Bella mengangguk setuju. "Dan inget, Krisan itu udah kayak kakak sendiri. Kamu nggak mau hubungan kamu jadi rumit, kan?"
Ortiz tersenyum kecil, merasa lega sudah menceritakan hal ini pada mereka. Meski masih ada kebingungan, setidaknya dia tahu ada orang yang mendukungnya, apa pun yang terjadi.
Ortiz ragu sejenak, merasa tidak nyaman untuk mengungkapkan semuanya. "Aku cuma... aku nggak tahu apakah aku siap kalau Krisan bilang sesuatu tentang... yah, tentang orientasi seksualnya. Karena... aku juga masih ragu dengan apa yang terjadi antara kami."
Bella menatap Ortiz dengan penuh perhatian. "Kamu nggak harus paksain diri, Ortiz. Tapi kalau kamu merasa Krisan mungkin bakal ngungkapin sesuatu yang berhubungan sama kamu, kamu juga harus siap, kan? Kalau nggak, mungkin kamu bisa ngobrol dulu sama dia."
Ortiz mengangguk pelan. "Iya, aku tahu. Tapi aku juga takut. Aku nggak tahu gimana jadinya kalau kenyataannya kayak gitu."
Azmi mencoba mencairkan suasana dengan bercanda, "Eh, siapa tahu dia cuma bilang kalau dia gay di depan orang tua kalian tanpa dia harus menyinggung kamu? Nggak ada yang nggak mungkin, kan?"
Ortiz tersenyum kecut, setengah setuju dengan Azmi, tapi juga merasa sedikit terganggu. "Aku tahu. Tapi kadang-kadang perasaan itu susah dikontrol. Aku sendiri juga masih bingung harus ngapain kalau kak Krisan benar-benar melakukan itu."
Azmi tersadar kalau candaan tadi nggak tepat dan cepat-cepat mengubah topik. "Oke, oke, gini aja. Nanti setelah sekolah, kita shopping. Gimana kalau kita fokus dulu ke sana? Siapa tahu sambil jalan-jalan kita bisa mikirin hal lain yang lebih seru."

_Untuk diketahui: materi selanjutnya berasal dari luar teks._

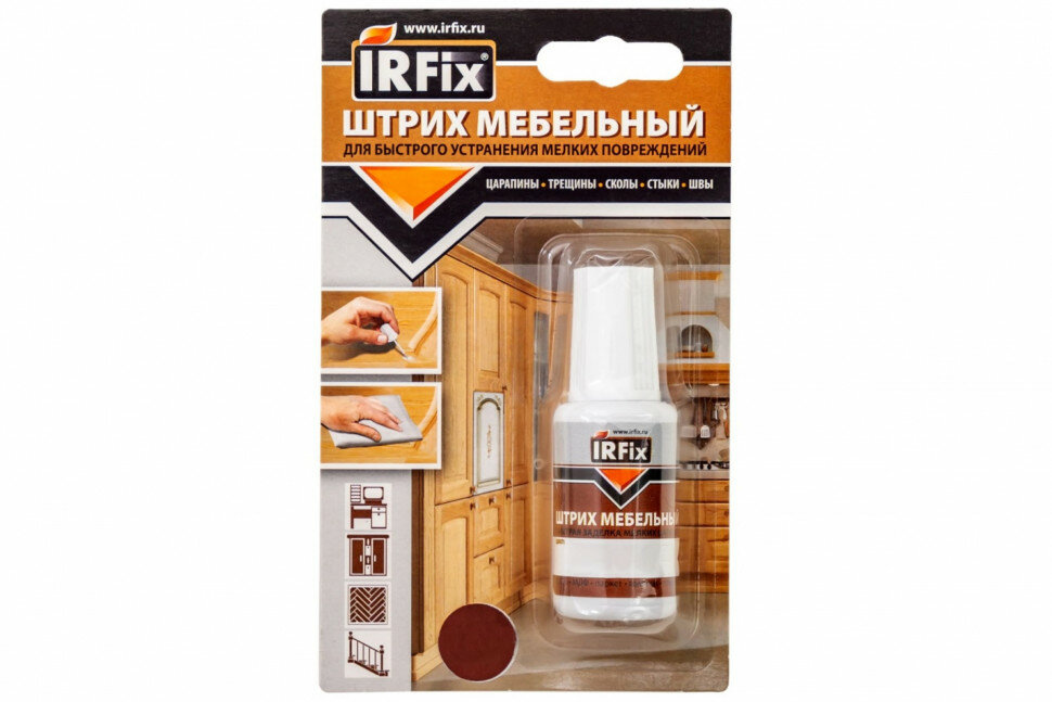 Штрих мебельный IRFixПреимуществаВеликолепно удаляет виды повреждений: сколы, царапины, трещины, стыки, швы.МорозоустойчивВозможно применять как внутри помещения так и на открытом воздухеНазначениеПредназначен для быстрой заделки мелких повреждений на деревянных, ламинированных и пластиковых поверхностях, подверженных интенсивной эксплуатации. Подходит для таких видов изделий: мебель, двери, опанелка, плинтуса, окна, столешницы, подоконники, лестницы, полы и т. д. Подходит для поверхностей: ЛДСП, МДФ, ламинат, паркет, плинтуса, фанера, дерево, пластик.Способ применения Перед использованием флакон тщательно взболтать. Реставрируемую поверхность очистить от пыли, грязи, жирных пятен. Нанести штрих кисточкой тонким слоем на поврежденное место. При необходимости нанести дополнительно 1-2 слоя с промежуточной сушкой 5 мин. Излишки удалить влажной тканью. Время полного высыхания 2 часа.СоставАкриловый лак, пигментная паста, модифицированные добавки.Срок годности 48 месяцев. Хранить флакон плотно закрытым, вдали от источников тепла при температуре от +5 °С до +30 °С.Меры безопасностиДержать в недоступном для детей месте. Не допускать попадания в глаза и дыхательные пути. При попадании на кожу тщательно промыть водой с мылом. Может вызвать аллергические реакции.

Ortiz mengangguk setuju, merasa lebih tenang setelah berbicara dengan teman-temannya. "Oke, sounds good. Nanti kita bareng-bareng aja ke mall."
Percakapan mereka pun berlanjut dengan lebih santai, dan meskipun ada bayang-bayang kekhawatiran di hati Ortiz, setidaknya ia tahu bahwa ia tidak sendirian dalam menghadapi semua ini.